Wednesday, May 27, 2020

the last book I ever read (Patrick Radden Keefe's Say Nothing: A True Story of Murder and Memory in Northern Ireland, excerpt nine)

from Say Nothing: A True Story of Murder and Memory in Northern Ireland by Patrick Radden Keefe:

Father Reid ran to the men. One of them was clearly dead, but the other stirred; when Reid leaned close, he could hear the sound of breathing. Reid looked up frantically at the people standing around and asked if anybody knew how to resuscitate someone. Nobody responded. They just stood there, watching. Reid crouched over the body and placed his mouth on the soldier’s mouth, trying to breathe the life back into him. But eventually the breathing stopped, and someone said, “Father, that man is dead.”

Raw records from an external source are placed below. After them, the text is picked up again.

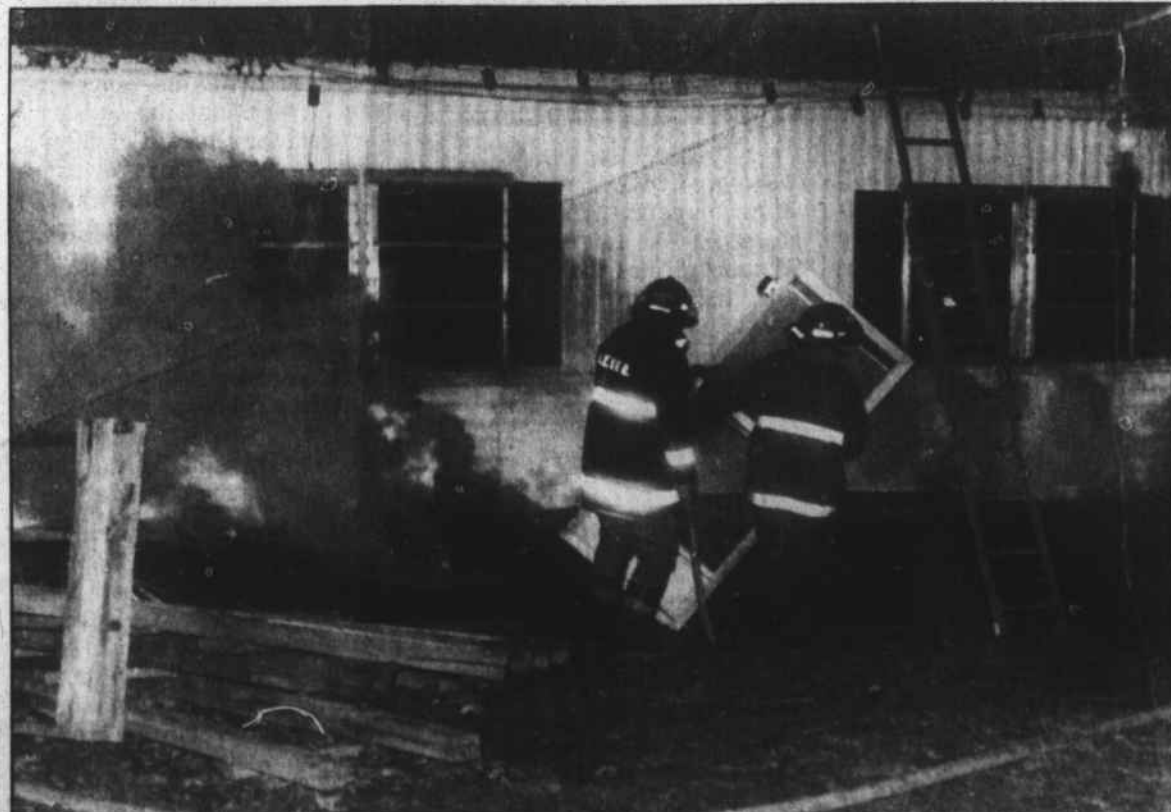
Warrenton Rural firemen are shown battling a blaze Monday night which gutted the mobile home of Raymond Yancey, causing approximately $15,000 in damage. The fire is believed to have

The identity of the two "unmasked men" remains unknown.
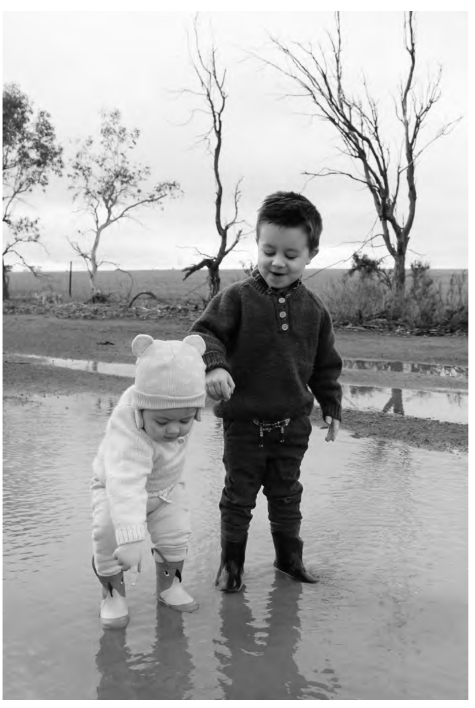
'Puddle Happiness' by Ashlee West
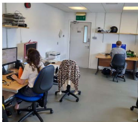
Office space, after

A suitable permanent location has since been identified within the hospital for the new office. To create a pleasant and comfortable working environment, funding from NHS Lothian Charity has gone towards new flooring, freshly painted walls and the purchase of 12 desks, chairs and pedestals plus 24 small lockers to allow belongings to be kept onsite and safe while not staff not at their desks. Staff were asked their thoughts on the project.
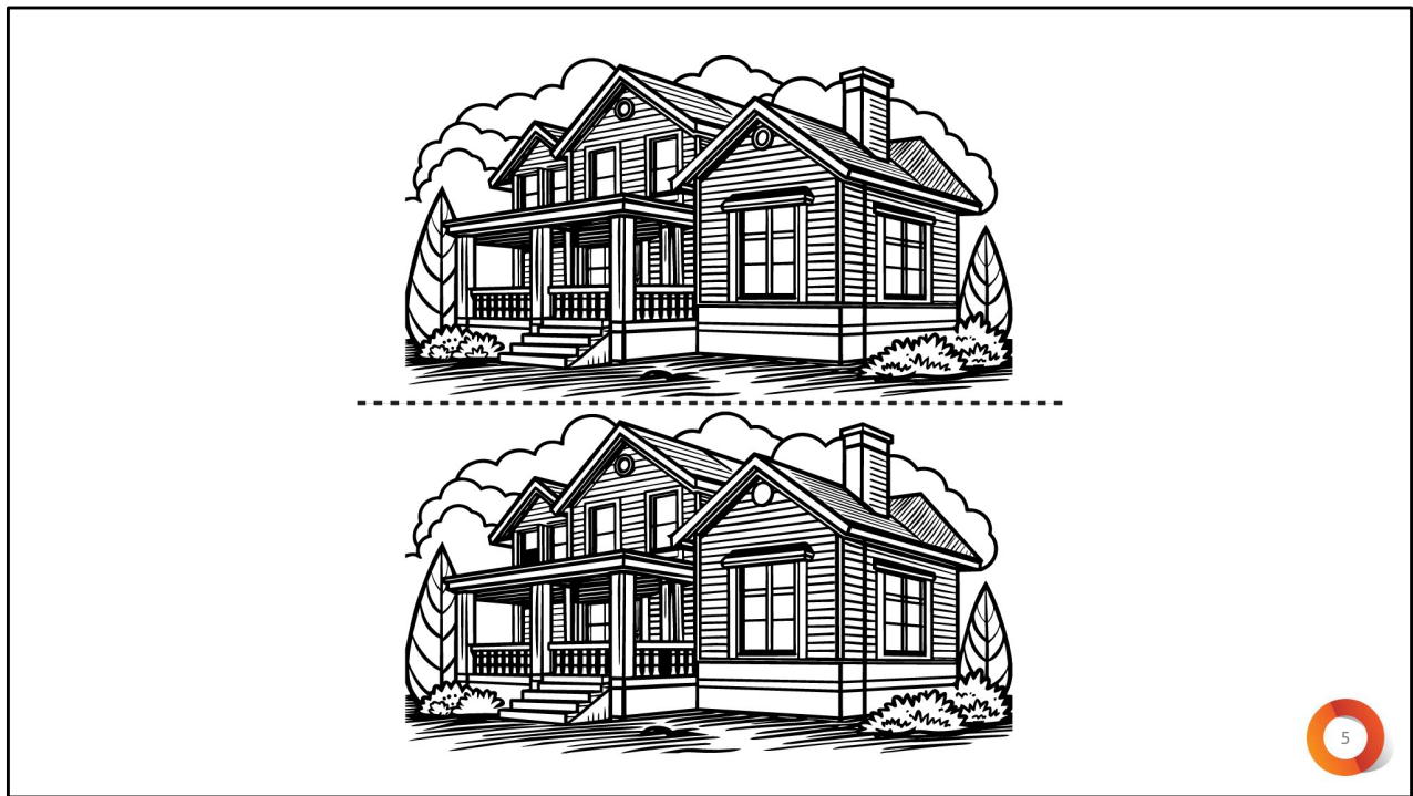
Image Comparison 2

Reid looked up, and as he did, a photographer standing some distance away took a picture that would become perhaps the most indelible image of the Troubles: a priest, clad in black, on his knees, ministering to a man who has just died, lying with his arms splayed, like Christ, on the ground before him. Reid looks directly at the camera, a witness to the horror, his own thin lips smeared dark with the dead man’s blood. Reid did not know if either of the soldiers was Catholic, but he anointed them both, as he had anointed the bodies of the slain mourners at Milltown Cemetery several days earlier, and delivered the last rites.